The Law Commission has today published an options paper for the Government on how it can change the law to ensure that corporations are effectively held to account for committing serious crimes. A number of options are presented, which we will consider in due course. For now, here are the headline points:

  • Identification doctrine: Many corporate criminal offences require ‘mental elements’, such as intention, knowledge, recklessness or dishonesty. As companies are not natural persons, in order for a company to be held criminally liable, a prosecutor must prove that the individuals involved in the crime had the required mental element of the offence and represent the “directing mind and will” of that company so that the individuals' actions can be considered those of the company (the ‘identification doctrine’). This is very difficult to establish, especially in larger organisations, and has led to criticism and a low number of corporate convictions. The Commission recommends either retention of the current doctrine or “allowing conduct to be attributed to a corporation if a member of the corporation’s senior management engaged in, consented to, or connived in the offence. A member of senior management would be any person who plays a significant role in the making of decisions about how the whole or a substantial part of the organisation’s activities are to be managed or organised, or the actual managing or organising of the whole or a substantial part of those activities.” It presents another option which goes further and recommends that the organisation’s CEO and CFO would always be considered to be members of senior management (likely in response to R v Barclays Plc [2018] 5 WLUK 736, where the criminal courts held that those individuals might not constitute the corporation’s directing mind and will if they did not have authority to engage in the conduct in question).

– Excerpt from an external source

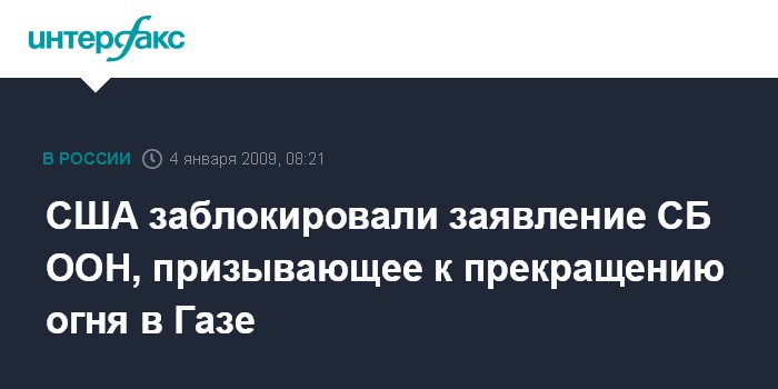 Москва. 4 января. ИНТЕРФАКС - Совет безопасности ООН после многочасовых консультаций, посвященных новой наземной фазе израильской операции, пришел к мнению о необходимости прекращения огня в Газе, сообщает телеканал "Вести".

  • Failure to prevent offences: The Commission rejects a general “failure to prevent crime” offence, but does see the benefit in introducing “failure to prevent” offences in respect of economic crimes. This should not be a broad “failure to prevent economic crime” as this would overlap with existing offences relating to bribery and facilitation of tax evasion; instead they recommend a “failure to prevent fraud by an associated person (such as an employee or agent)” offence. The Commission notes that the case for failure to prevent offences is more compelling if reforms are not made to the identification doctrine and lists three further offences which could be created (i) failure to prevent human rights abuses; (ii) failure to prevent ill-treatment or neglect; and (iii) failure to prevent computer misuse.
  • Liability of directors: The Commission concludes that, in principle, directors should not be personally criminally liable on the basis of neglect if the offence is one which requires proof of a particular mental state. Liability for directors on the basis of neglect should be restricted to offences of strict liability or negligence.